*About this exercise*.
Repeat the listing below in full and exactly. Pictures are to be omitted.

*Record extracts*.
============
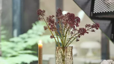 Barve, ki jih navdihuje narava, kot so zeleni in temno vijolični toni, so kombinirane s kovinskimi ter sijočimi elementi, ki prostoru dajejo sodoben, urban značaj. To je še posebej očitno v detajlih, kot so kovinski svečniki in tabureti, ter v manjših kosih pohištva z odsevnimi površinami.
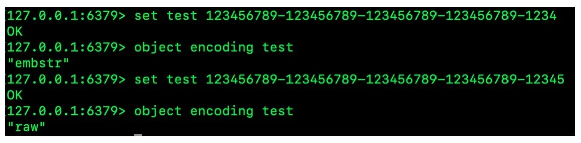 通过在redis-cli中实验,可以发现当字符串大于44字节时确实从embstr变为raw了
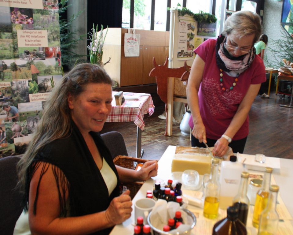 Rems Zeitung vom 28. August 2014 Rezept für die kleine Wiesensalbe: Christine Pommerer bot am Treffpunkt BW im Stadtgarten das Herstellen von Kräutersalben an
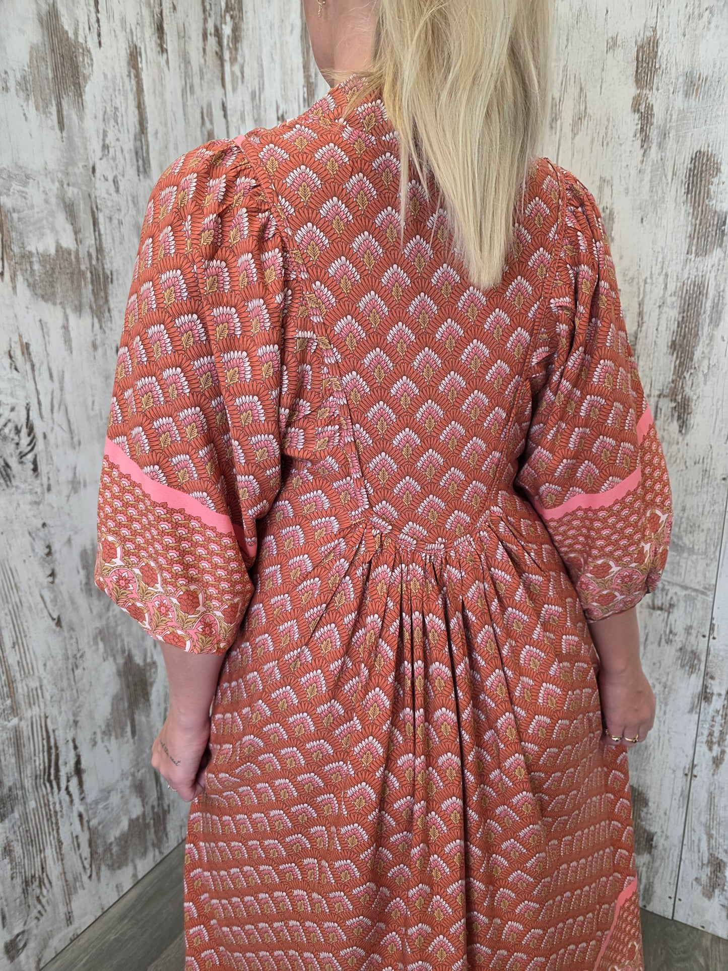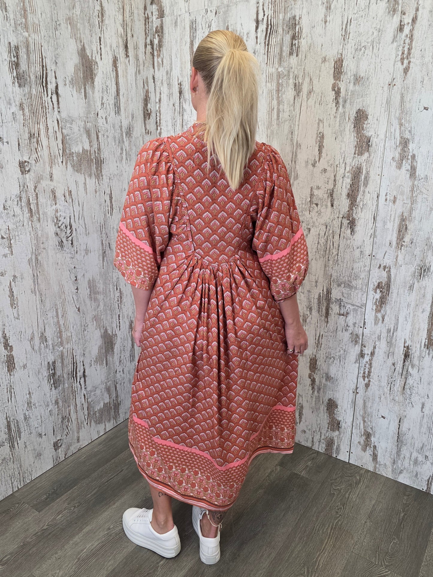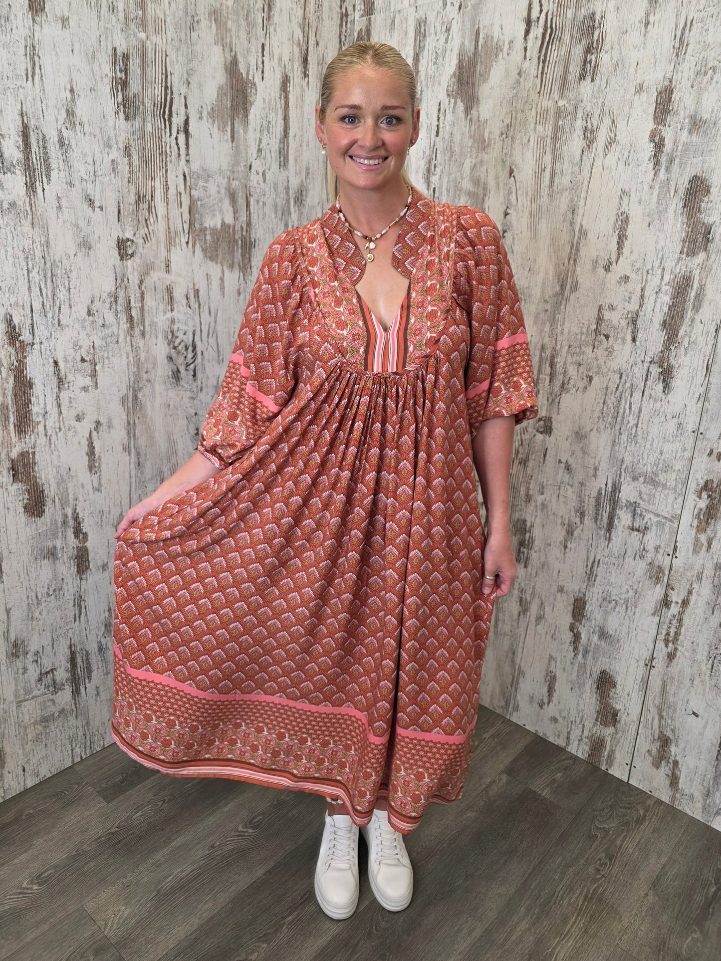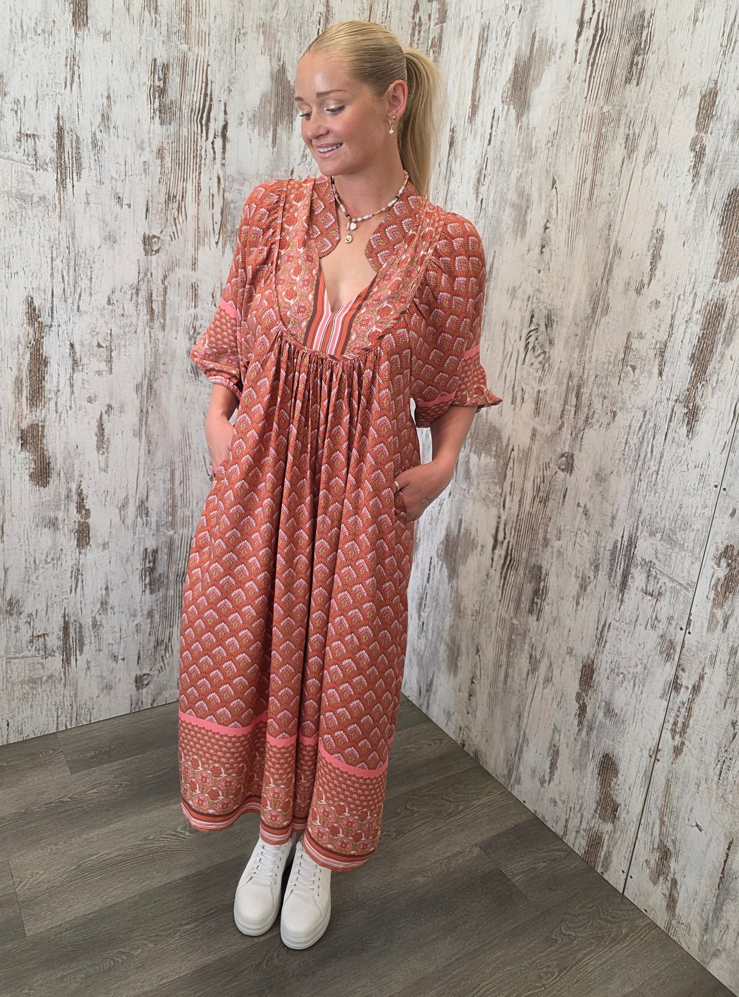 Jaase Boheme Midi Dress with Billowy Sleeve V-Neck Pockets - Coral Eden
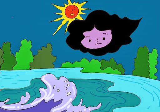 Những ngày hè trời nắng chang chang. Hồ nước bị nung nóng bốc hơi dần lên nên ngày càng bé lại. Chị Mây vẫn giận hồ nước nên ở tít trên cao. Hồ nước bị cạn kiệt dần. Nó cầu cứu: “Chị Mây ơi! Không có chị tưới nước xuống tôi chết mất”. Bầy cá tôm trong hồ cũng than vãn: “Chúng tôi chết mất vì thiếu nước…”
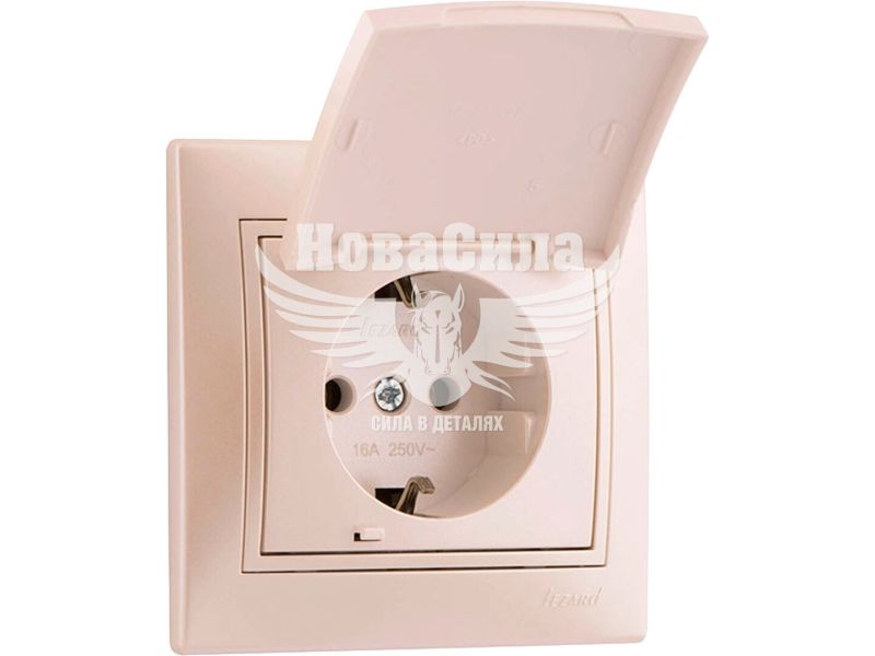 LEZARD MIRA Розетка одинарна з/з з кришкою, перлинно білий
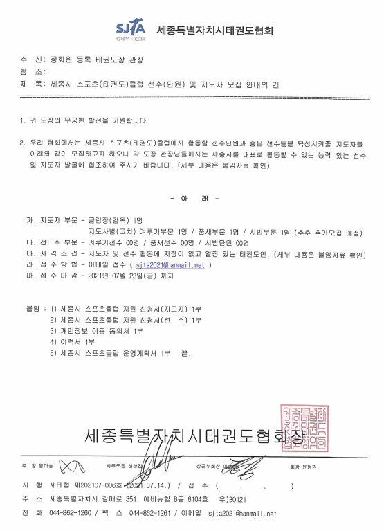 저희 협회 세종시스포츠클럽 선수 및 지도자를 다양한 분야(겨루기, 품새, 시범)로 지원 받고자 합니다.
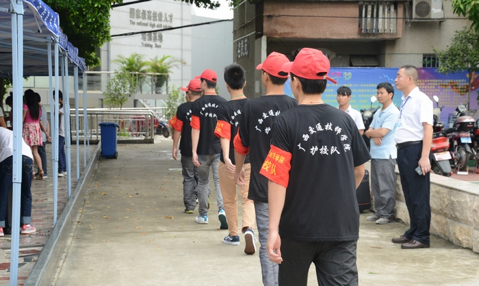 上午8时许,新生与家长陆续来到学校。学院军乐队演奏嘹亮欢快的乐曲,电子屏幕上滚动播出的“热烈欢迎2013届新同学来到广西交通技师学院大家庭!”、“白云蓝天,绿树彩旗,我们在这里等你!”等欢迎词,让新生感受到我院的热情与温馨。安保人员各司其职,“你好!请往这边走,看到那些橘黄色的遮阳棚了吗?沿着那些彩旗一直走……”由学生志愿者组成的“校园保卫队”认真指挥车辆停放,充分保证校园交通畅通。
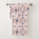 Este conjunto de toalhas de banho apresenta um padrão geométrico tribal de setas e diamantes em azul de ardósia, rosa-pincel e terracota para um olhar de boho.
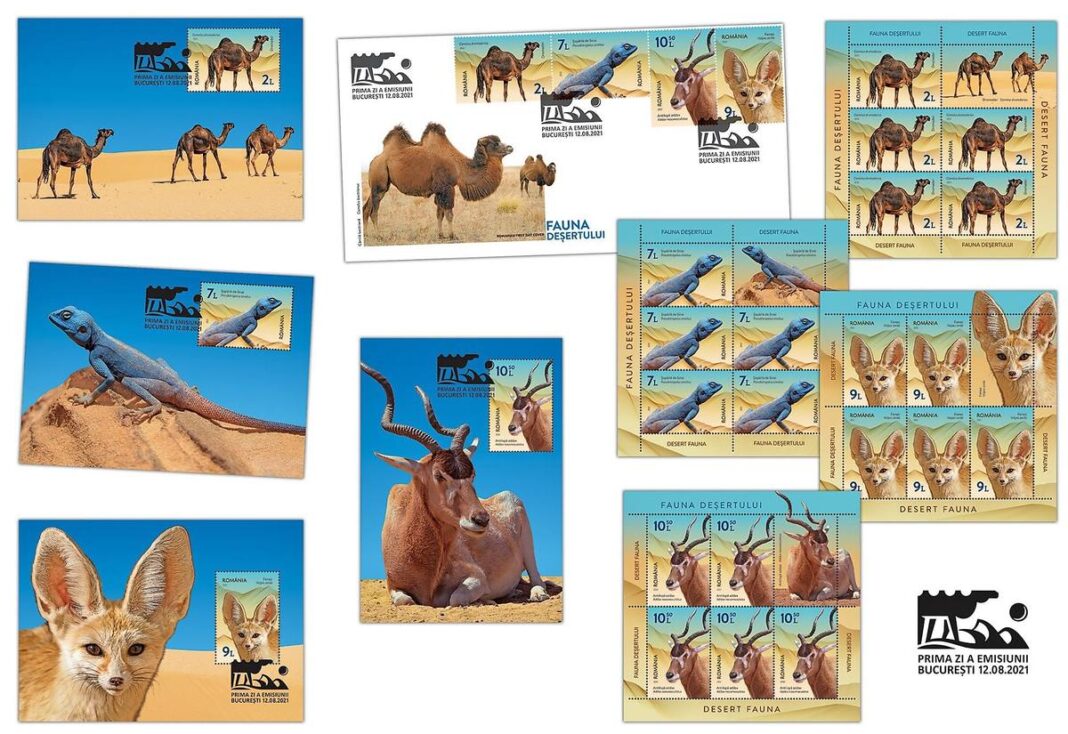 Magazinul Romfilatelia din Bacău pune în vânzare, de joi, 12 august, emisiunea de mărci poștale „Fauna deșertului”. Cele patru timbre și plicul „prima zi” ilustrează specii de animale care trăiesc în zonele deșertice din Africa și Asia.
============
*The completed task*.
 Barve, ki jih navdihuje narava, kot so zeleni in temno vijolični toni, so kombinirane s kovinskimi ter sijočimi elementi, ki prostoru dajejo sodoben, urban značaj. To je še posebej očitno v detajlih, kot so kovinski svečniki in tabureti, ter v manjših kosih pohištva z odsevnimi površinami.
 通过在redis-cli中实验,可以发现当字符串大于44字节时确实从embstr变为raw了
 Rems Zeitung vom 28. August 2014 Rezept für die kleine Wiesensalbe: Christine Pommerer bot am Treffpunkt BW im Stadtgarten das Herstellen von Kräutersalben an
 Jaase Boheme Midi Dress with Billowy Sleeve V-Neck Pockets - Coral Eden
 Những ngày hè trời nắng chang chang. Hồ nước bị nung nóng bốc hơi dần lên nên ngày càng bé lại. Chị Mây vẫn giận hồ nước nên ở tít trên cao. Hồ nước bị cạn kiệt dần. Nó cầu cứu: “Chị Mây ơi! Không có chị tưới nước xuống tôi chết mất”. Bầy cá tôm trong hồ cũng than vãn: “Chúng tôi chết mất vì thiếu nước…”
 LEZARD MIRA Розетка одинарна з/з з кришкою, перлинно білий
 저희 협회 세종시스포츠클럽 선수 및 지도자를 다양한 분야(겨루기, 품새, 시범)로 지원 받고자 합니다.
 上午8时许,新生与家长陆续来到学校。学院军乐队演奏嘹亮欢快的乐曲,电子屏幕上滚动播出的“热烈欢迎2013届新同学来到广西交通技师学院大家庭!”、“白云蓝天,绿树彩旗,我们在这里等你!”等欢迎词,让新生感受到我院的热情与温馨。安保人员各司其职,“你好!请往这边走,看到那些橘黄色的遮阳棚了吗?沿着那些彩旗一直走……”由学生志愿者组成的“校园保卫队”认真指挥车辆停放,充分保证校园交通畅通。
 Este conjunto de toalhas de banho apresenta um padrão geométrico tribal de setas e diamantes em azul de ardósia, rosa-pincel e terracota para um olhar de boho.
 Magazinul Romfilatelia din Bacău pune în vânzare, de joi, 12 august, emisiunea de mărci poștale „Fauna deșertului”. Cele patru timbre și plicul „prima zi” ilustrează specii de animale care trăiesc în zonele deșertice din Africa și Asia.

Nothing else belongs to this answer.